Бесполезно было пытаться унять эту постыдную дрожь.
И он только старался сделать все побыстрей, передвигаясь почти на ощупь, как слепой, в тусклом свете уличного фонаря, который случайно стал его подмастерьем. А потом выбрался в совершенно темный коридор, отдышался, прижавшись к холодной стене, и стал на цыпочках пробираться в свой кабинет. Тут окна выходили на улицу, и охранник из будки не заметил бы света, — а совершать круг почета этот накачанный лентяй явно не собирался, — но Алексей все же не решился включить лампу.

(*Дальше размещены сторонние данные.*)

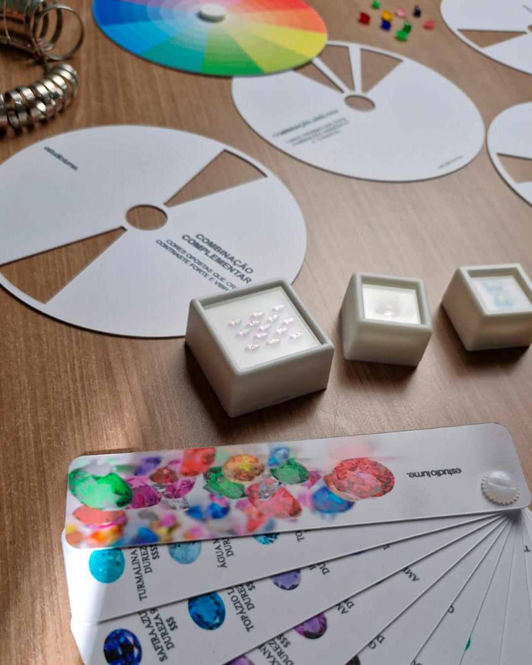 O Círculo Cromático e a Cartela de Gemas do Estúdio Lume são ferramentas indispensáveis para quem busca profissionalizar o atendimento e impulsionar as vendas com estratégia e sofisticação. Enquanto o Círculo Cromático ajuda a criar combinações de cores harmônicas para composições com gemas, a Cartela de Gemas apresenta de forma visual e organizada as principais pedras utilizadas na joalheria.

Пялиться в густой, пугающий мрак было невозможно, и он, усевшись в кресло, прикрыл глаза. Ждать — вот чего он никогда не умел, но в последние дни это стало его основным занятием. Приходилось мириться. Он развлекался тем, что представлял себе, что будет, когда ожидание кончится. И вот, когда он в очередной раз увидел, будто наяву, то желанное, праздное, роскошное будущее, вдруг грянул гром.
Разве поздней осенью бывает гром?!
Да ведь это — стреляли!
Стреляли… Безличный глагол и мудрая старческая невозмутимость из «Белого солнца пустыни». Господи, при чем тут это?
Стреляли?!
Кресло под ним как будто обмякло, и, теряя опору, он пополз вниз, нелепо барахтая ногами в воздухе.
И тут он внезапно понял, что это звонил мобильный. Его собственный мобильный телефон, дребезжавший секунду назад на краю стола. Вот и снова, пожалуйста. Звук, совсем не похожий на выстрел, с чего же он взял, что это — «стреляли»?!
Нервы ни к дьяволу, ни в Красную Армию!
Возьми же трубку, психопат хренов, приказал кто-то в его голове.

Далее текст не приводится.